■ Exercise brief: Write out all of the records, keeping each one exactly as written.

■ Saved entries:
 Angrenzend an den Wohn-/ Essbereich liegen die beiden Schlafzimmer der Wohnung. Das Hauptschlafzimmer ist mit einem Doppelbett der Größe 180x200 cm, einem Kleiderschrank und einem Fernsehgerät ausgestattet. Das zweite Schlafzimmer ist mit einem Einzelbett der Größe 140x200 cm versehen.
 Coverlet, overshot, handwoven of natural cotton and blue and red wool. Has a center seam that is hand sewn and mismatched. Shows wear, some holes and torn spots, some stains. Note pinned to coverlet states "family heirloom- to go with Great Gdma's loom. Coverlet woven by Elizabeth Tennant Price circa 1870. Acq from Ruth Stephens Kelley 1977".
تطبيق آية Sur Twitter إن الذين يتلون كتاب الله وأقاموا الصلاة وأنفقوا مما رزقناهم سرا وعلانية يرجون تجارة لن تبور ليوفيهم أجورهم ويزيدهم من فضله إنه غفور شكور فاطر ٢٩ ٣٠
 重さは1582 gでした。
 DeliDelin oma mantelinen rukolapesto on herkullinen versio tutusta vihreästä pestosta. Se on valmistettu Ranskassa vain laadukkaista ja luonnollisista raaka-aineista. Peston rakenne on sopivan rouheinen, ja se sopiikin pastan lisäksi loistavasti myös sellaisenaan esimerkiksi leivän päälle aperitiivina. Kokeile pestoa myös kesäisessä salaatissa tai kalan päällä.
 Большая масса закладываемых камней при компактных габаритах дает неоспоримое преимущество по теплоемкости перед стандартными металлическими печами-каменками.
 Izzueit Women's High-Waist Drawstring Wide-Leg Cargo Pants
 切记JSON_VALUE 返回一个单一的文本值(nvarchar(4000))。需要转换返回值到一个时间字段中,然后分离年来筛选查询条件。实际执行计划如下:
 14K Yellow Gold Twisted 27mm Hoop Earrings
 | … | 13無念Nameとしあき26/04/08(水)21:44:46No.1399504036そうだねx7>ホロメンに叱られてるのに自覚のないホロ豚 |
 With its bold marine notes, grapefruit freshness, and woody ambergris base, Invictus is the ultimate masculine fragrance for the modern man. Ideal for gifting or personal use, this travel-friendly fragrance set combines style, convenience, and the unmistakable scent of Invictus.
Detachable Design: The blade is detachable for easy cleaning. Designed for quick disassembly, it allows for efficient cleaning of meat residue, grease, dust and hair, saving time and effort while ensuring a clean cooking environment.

■ Solution to this exercise:
 Angrenzend an den Wohn-/ Essbereich liegen die beiden Schlafzimmer der Wohnung. Das Hauptschlafzimmer ist mit einem Doppelbett der Größe 180x200 cm, einem Kleiderschrank und einem Fernsehgerät ausgestattet. Das zweite Schlafzimmer ist mit einem Einzelbett der Größe 140x200 cm versehen.
 Coverlet, overshot, handwoven of natural cotton and blue and red wool. Has a center seam that is hand sewn and mismatched. Shows wear, some holes and torn spots, some stains. Note pinned to coverlet states "family heirloom- to go with Great Gdma's loom. Coverlet woven by Elizabeth Tennant Price circa 1870. Acq from Ruth Stephens Kelley 1977".
تطبيق آية Sur Twitter إن الذين يتلون كتاب الله وأقاموا الصلاة وأنفقوا مما رزقناهم سرا وعلانية يرجون تجارة لن تبور ليوفيهم أجورهم ويزيدهم من فضله إنه غفور شكور فاطر ٢٩ ٣٠
 重さは1582 gでした。
 DeliDelin oma mantelinen rukolapesto on herkullinen versio tutusta vihreästä pestosta. Se on valmistettu Ranskassa vain laadukkaista ja luonnollisista raaka-aineista. Peston rakenne on sopivan rouheinen, ja se sopiikin pastan lisäksi loistavasti myös sellaisenaan esimerkiksi leivän päälle aperitiivina. Kokeile pestoa myös kesäisessä salaatissa tai kalan päällä.
 Большая масса закладываемых камней при компактных габаритах дает неоспоримое преимущество по теплоемкости перед стандартными металлическими печами-каменками.
 Izzueit Women's High-Waist Drawstring Wide-Leg Cargo Pants
 切记JSON_VALUE 返回一个单一的文本值(nvarchar(4000))。需要转换返回值到一个时间字段中,然后分离年来筛选查询条件。实际执行计划如下:
 14K Yellow Gold Twisted 27mm Hoop Earrings
 | … | 13無念Nameとしあき26/04/08(水)21:44:46No.1399504036そうだねx7>ホロメンに叱られてるのに自覚のないホロ豚 |
 With its bold marine notes, grapefruit freshness, and woody ambergris base, Invictus is the ultimate masculine fragrance for the modern man. Ideal for gifting or personal use, this travel-friendly fragrance set combines style, convenience, and the unmistakable scent of Invictus.
Detachable Design: The blade is detachable for easy cleaning. Designed for quick disassembly, it allows for efficient cleaning of meat residue, grease, dust and hair, saving time and effort while ensuring a clean cooking environment.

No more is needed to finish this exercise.